**WHAT YOU NEED TO DO:** Set down every line of the data exactly, skipping the pictures.

**DATA SHOWN:**
......

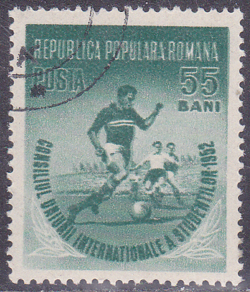 In Rumänien ist zum Kongress des Internationalen Studentenverbandes in Bukarest 1952 diese Marke (MiNr 1406) mit Studenten beim Fußballspiel erschienen.
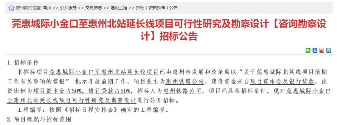 公告顯示,莞惠城際小金口至惠州北站延長線正進行可行性研究及勘察設(shè)計招標(biāo),招標(biāo)金額為7452.47萬元(含稅價)。
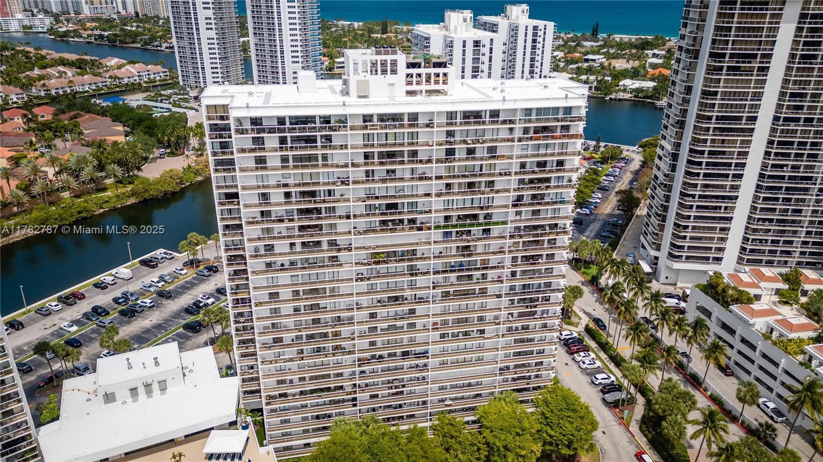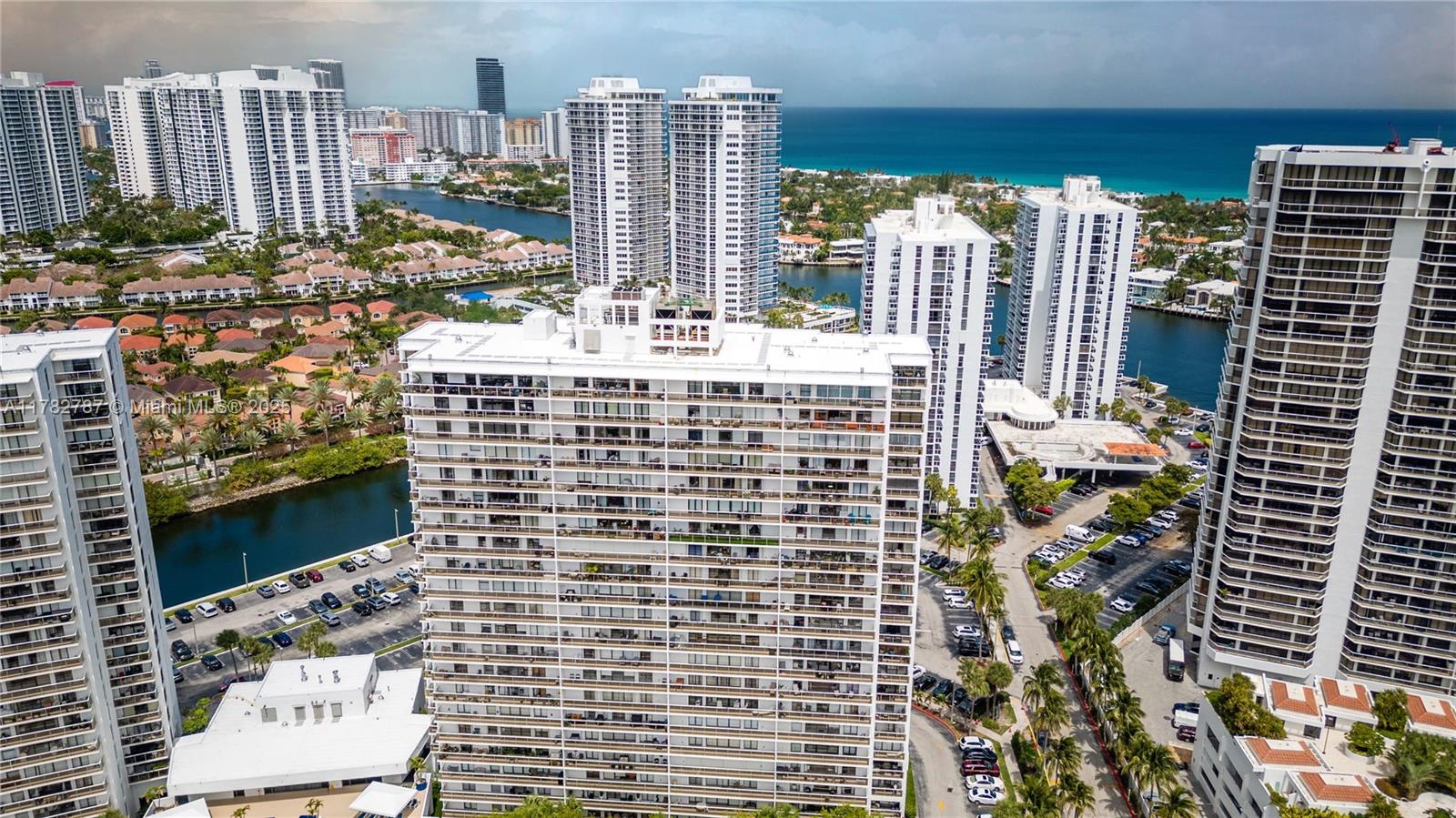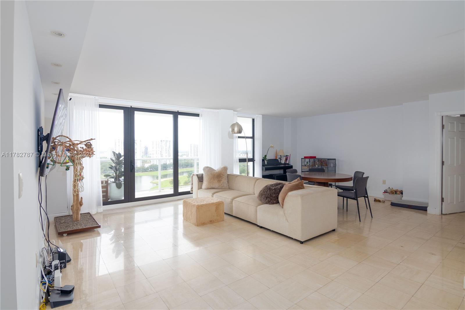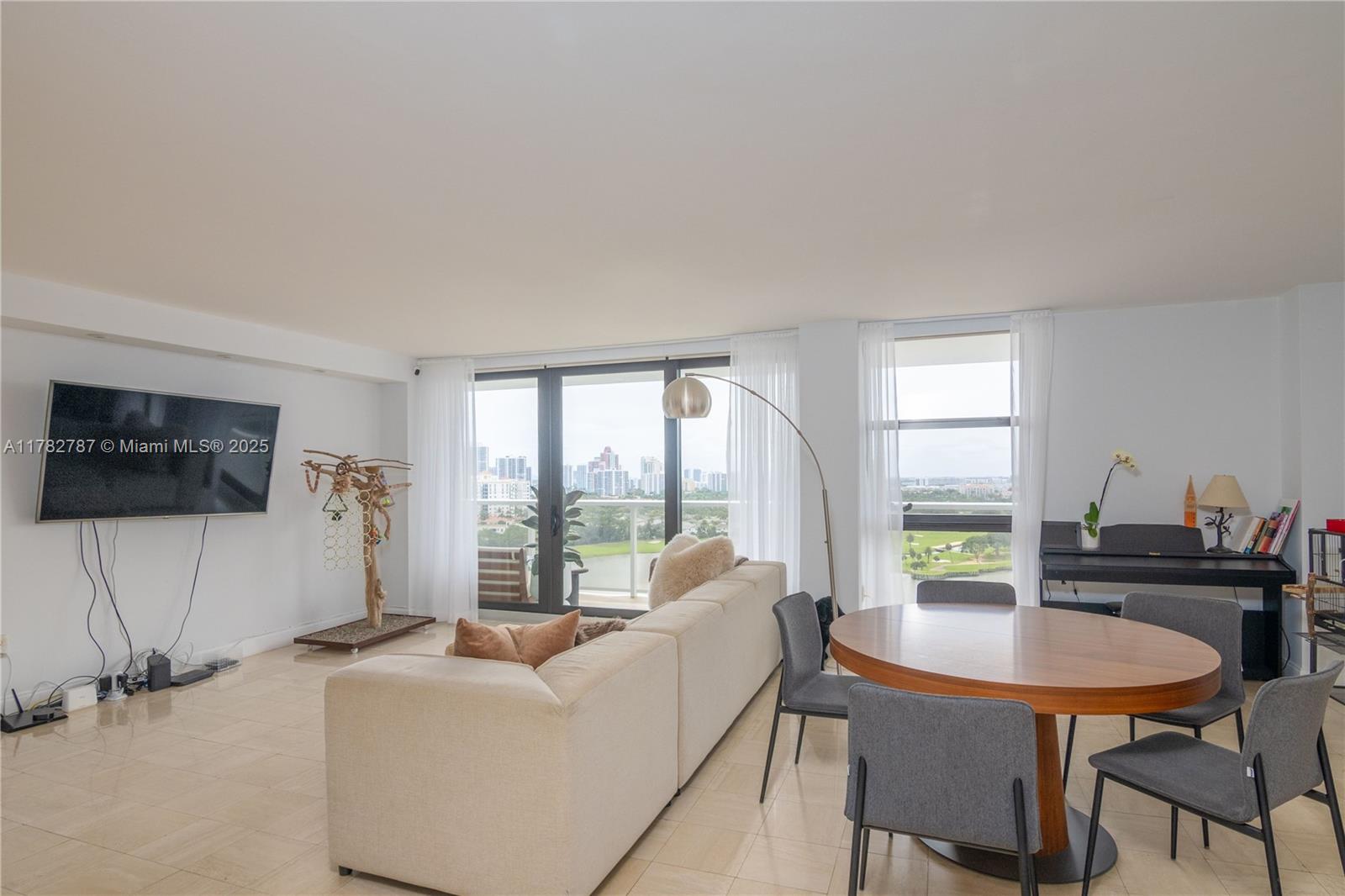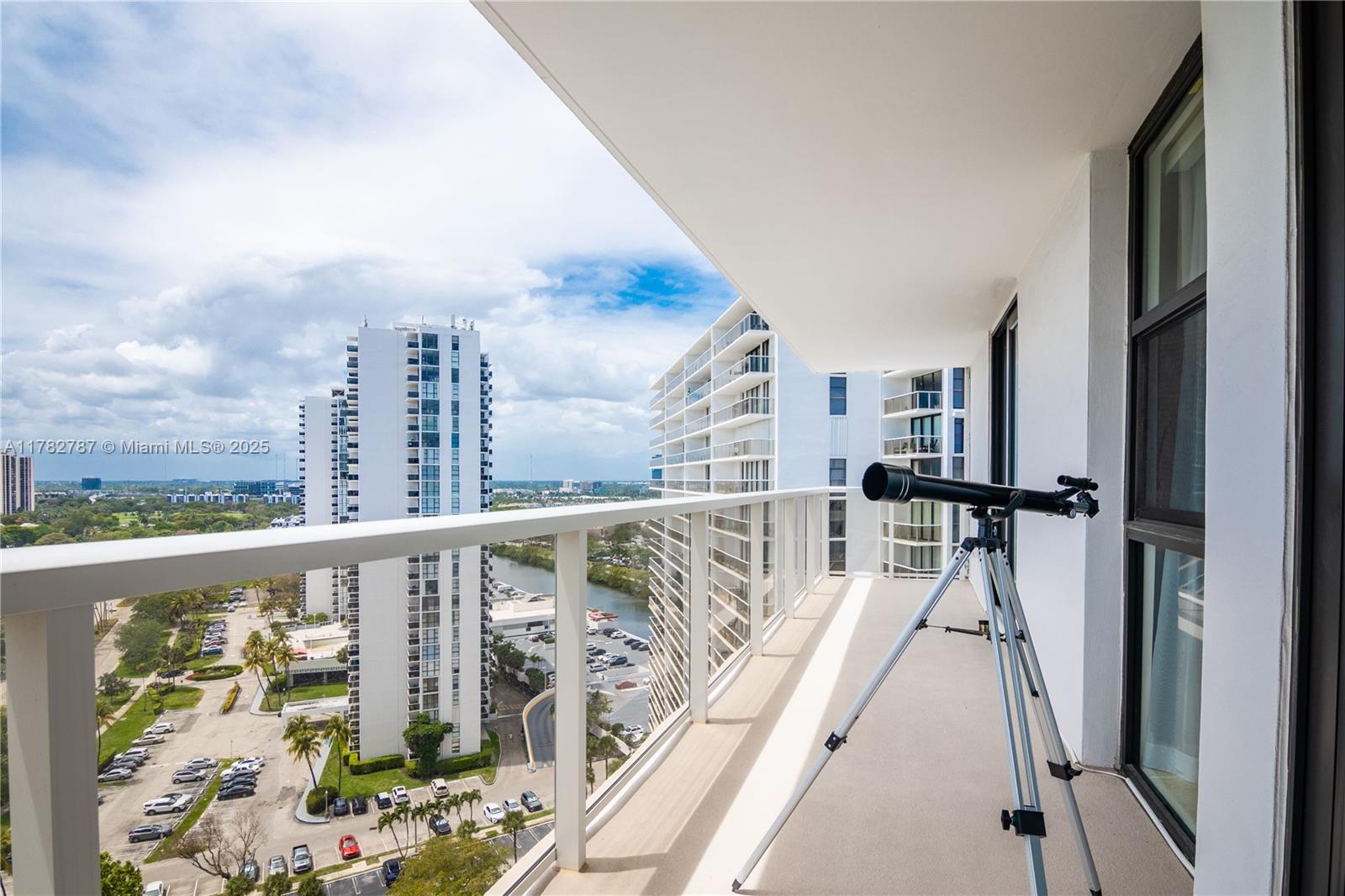 Soaring from the 19th floor, this 3-bed, 3-bath condo offers stunning golf and city views in a bright, open layout. With 1,465 sqft of tile-floored living space, the home features a well-equipped kitchen with an electric range, microwave, refrigerator, washer, and dryer in the unit. Enjoy morning coffee or sunset wine on the spacious open balcony. Central cooling and ceiling fans ensure year-round comfort, while a doorman provides added security. The waterfront building offers assigned and guest parking, blending convenience with elevated living. This high-rise retreat is perfect for those seeking comfort, style, and serene views in every direction.

......

**RESPONSE AREA:**
 In Rumänien ist zum Kongress des Internationalen Studentenverbandes in Bukarest 1952 diese Marke (MiNr 1406) mit Studenten beim Fußballspiel erschienen.
 公告顯示,莞惠城際小金口至惠州北站延長線正進行可行性研究及勘察設(shè)計招標(biāo),招標(biāo)金額為7452.47萬元(含稅價)。
 Soaring from the 19th floor, this 3-bed, 3-bath condo offers stunning golf and city views in a bright, open layout. With 1,465 sqft of tile-floored living space, the home features a well-equipped kitchen with an electric range, microwave, refrigerator, washer, and dryer in the unit. Enjoy morning coffee or sunset wine on the spacious open balcony. Central cooling and ceiling fans ensure year-round comfort, while a doorman provides added security. The waterfront building offers assigned and guest parking, blending convenience with elevated living. This high-rise retreat is perfect for those seeking comfort, style, and serene views in every direction.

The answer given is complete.